Für den Einsatz von Niederflurbussen im Öffentlichen Personennahverkehr gibt es jedoch eine stattliche Anzahl von Regelungen und Verordnungen zu beachten. So müssen im Öffentlichen Personenverkehr eingesetzte Omnibusse über mindestens einen Platz für Rollstuhlfahrer oder Kinderwagen verfügen, sowie über eine dazugehörige Sicherung mittels eines Gurtes, damit den Fahrgästen während der Fahrt nichts passiert und der Rollstuhl oder der Kinderwagen ausreichend gesichert ist.

Auch für den speziellen Transport von behinderten oder kranken Menschen werden Omnibusse entsprechend umgebaut und mit einer Niederflurtechnik sowie speziellen Hilfsmitteln versehen. Dazu gehören unter anderem Auffahrrampen, Hebebühnen oder Lifte, speziell entwickelte Befestigungs- und Rollstuhlhaltesysteme sowie Gürte zum Festzurren von Rollstühlen.

Diese behindertengerechten und genauestens auf die Bedürfnisse von kranken und pflegebedürftigen Personen abgestimmten Ein- und Ausstiegssysteme werden vorrangig in Kleinbussen oder aber auch in Personenkraftwagen mit einer entsprechend ausreichenden Dachhöhe eingebaut. Jedoch verwenden auch spezielle Reise- oder Stadtbusse vermehrt Einstiegshilfen für behinderte oder kranke Menschen. Es gibt einige Firmen, die sich ganz speziell auf die Herstellung von Hilfsmitteln für den sicheren und komfortablen Transport von behinderten, kranken oder pflegebedürftigen Menschen im Bereich der Omnibustechnik spezialisiert haben. Für den Einsatz von solchen sogenannten Krankentransport- oder Rollstuhlbussen existieren jedoch in der Bundesrepublik sehr strenge Richtlinien und Vorgaben.
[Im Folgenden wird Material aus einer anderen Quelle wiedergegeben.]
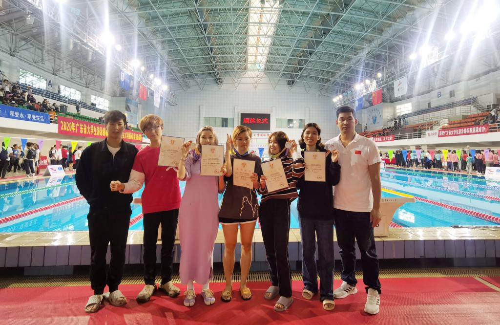 10月24日至25日,由广东省教育厅主办,华南师范大学承办的2020年广东省大学生游泳锦标赛暨全国学运会大学组游泳项目选拔赛在华南师范大学大学城校区游泳馆举行,我校组队参加了本次比赛。比赛中,广美学子不畏强手、团结合作、奋勇拼搏,与来自省内多所高校的游泳健儿角逐泳池,最终由黄一禾、黄绮褀、黄凡珂、高颍恩组成的接力队以打破我校记录的成绩获得女子甲组4×50米自由泳接力第二名,另外王博珩获得男子甲组100米蝶泳第七名。

Die meisten, von den großen Busherstellern produzierten Niederflurbusse haben eine Länge von ab zehn Metern, im Bereich Der Klein- und Midibusse gibt es hingegen nur eine relativ kleine Auswahl an Niederflurbussen. Dies findet seinen Ursprung unter anderem darin, dass die Klein- und Midibusse auf eine bereits vorhandene Fahrzeugchassis aufbauen, die an sich nicht für eine Verwendung im Zusammenhang mit der Niederflurtechnik geeignet und bestimmt sind. Um aus einem Klein- oder Midibus einen Niederflurbus herzustellen, wäre somit ein massiver Eingriff in die originale Fahrzeugchassis für den Fahrzeughersteller von Nöten, was wirtschaftlich nicht rentabel wäre und auch eine Frage der Fahrzeugkarosseriegarantie ist. Auch wäre dies mit enormen Entwicklungs- und Homolegationskosten (Zulassungskosten) verbunden.

Einige wenige Bushersteller setzen trotz aller widrigen Umstände auf die Entwicklung und die Herstellung von Niederflurbussen im Bereich der Klein- und Midibusse, dazu gehören der österreichische Bushersteller "Kutsenitz" und der niederländische Bushersteller "VDL-Kusters".